Последнее сказано к тому, что Данте… несовместим с фантазией. Это Данте-то?! Положительно, Мандельштам взялся дразнить педантов, любящих истолковывать парадоксы буквально и дорожащих штампованной всесторонностью оценок. Назло им он берет у Данте именно одну сторону — ту, что привлекательна и важна для него, Осипа Эмильевича Мандельштама. Поэтому делать к «Разговору» коррективы — довольно легкое занятие. Приведу примеры. Мандельштам прав, когда говорит, что Данте — «внутренний разночинец старинной римской крови». Параллель с «пушкинской камер-юнкерской борьбой за социальное достоинство и общественное положение поэта» (с. 16) — неожиданна и удачна. При самоочевидных различиях между двором Кан Гранде и двором Николая I, между Каччагвидой и арапом Петра Великого — Данте стоит в начале, а Пушкин на излете одной всемирно-исторической социальной ситуации.
Но Мандельштам неправ, объединяя Данте с «проходимцами Достоевского» посредством «понятия скандала»: тут аналогия не историческая, а лишь импрессионистическая. «Нужно быть слепым кротом для того, чтобы не заметить, что на всем протяжении «Divina Commedia» Данте не умеет себя вести, не знает, как ступить, что сказать, как поклониться. Я это не выдумываю, но беру из многочисленных признаний самого Алигьери» (с. 15). Мандельштам не выдумывает, однако «тяжелая, смутная неловкость» в поведении центрального персонажа «Комедии» вряд ли идет от конфликта с социальной иерархией. Данте соприкасается в загробном странствии с трансцендентной неизвестностью. На том свете нельзя «применить свой внутренний опыт и объективировать его в этикет» (с. 15). Откуда живому Данте знать «этикет» Ада и Рая?

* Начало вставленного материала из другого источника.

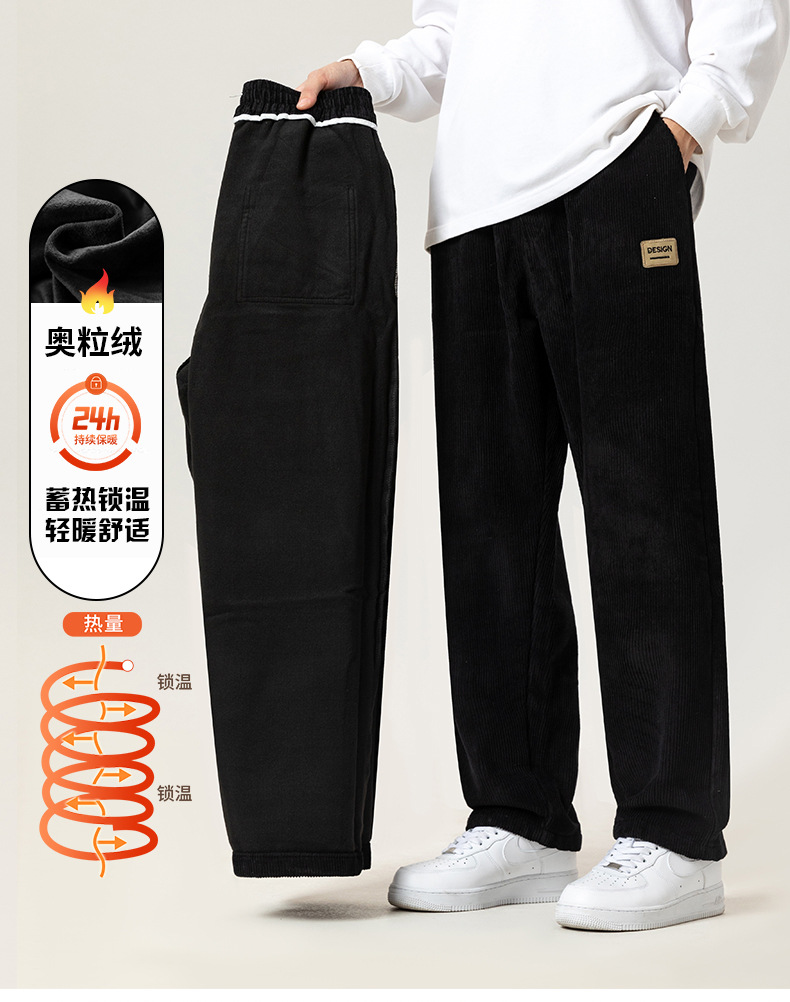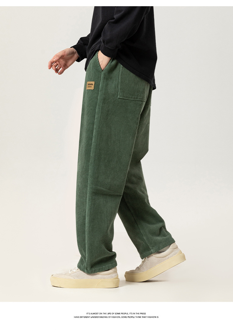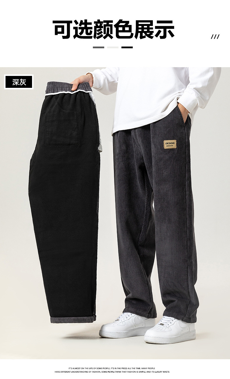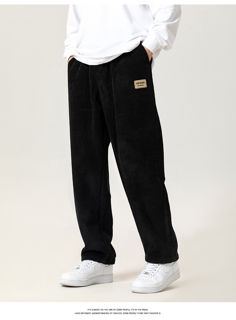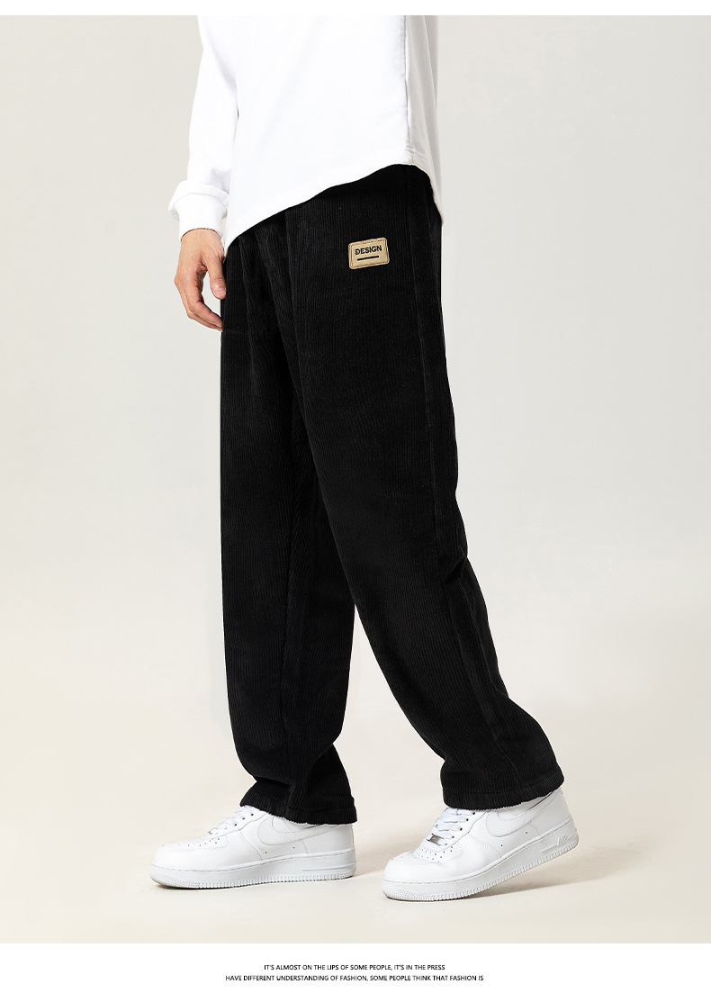Suministro exclusivo transfronterizo | Pantalones rectos de color sólido retro americanos para hombre, pantalones deportivos de pana holgados y anchos de estilo urbano, gruesos y cálidos.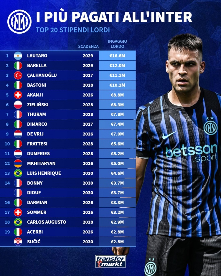国米税昨年薪名次:劳塔罗1660万欧居首,四名球员超1000万欧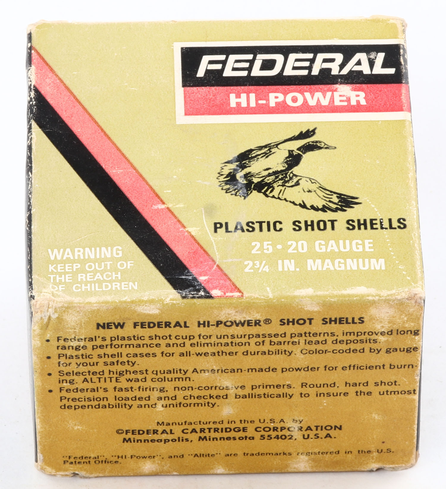 Federal, Hi-Power, 20ga., 2 3/4'', 1pc., Full, shot size 4 Magnum Load, multi-colored box, box is solid, plastic shells are good. Grade: Very Good ++ - Value: 10 to 40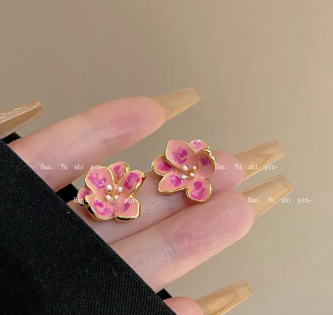 Pink Floral Enamel Stud

Социологическое объяснение, предложенное Мандельштамом, должно отступить перед более широким, включающим в себя и экспрессию, заданную поэтическим сюжетом, и средневековое противостояние земного и вечного.
Мандельштам прав, когда говорит, что «средневековье не помещалось в системе Птолемея — оно прикрывалось ею» (с. 35) и что идея Книги Бытия, гигантская космогоническая картина творения из хаоса, плохо сращивалась с аристотелевской физикой. Но Мандельштам неправ, непомерно расширяя свое любопытное наблюдение («идея спонтанного генезиса со всех сторон наступала на крошечный островок Сорбонны»). Мандельштам совершенно прав, говоря, что библейская история «могла восприниматься тогдашними образованными людьми буквально как свежая газета». Не только Данте — все средневековье ощущало время иначе, чем мы. Отсюда «стояние времени» в «Комедии», «синхронизм разорванных веками событий, имен и преданий» (с. 54). Хорошо пишет Мандельштам: «В двадцать шестой песни «Paradiso» Данте дорывается до личного разговора с Адамом, до подлинного интервью. Ему ассистирует Иоанн Богослов — автор Апокалипсиса». Но как поверить утверждению, будто «все элементы современного экспериментирования имеются налицо в дантовском подходе к преданию» (с. 35)?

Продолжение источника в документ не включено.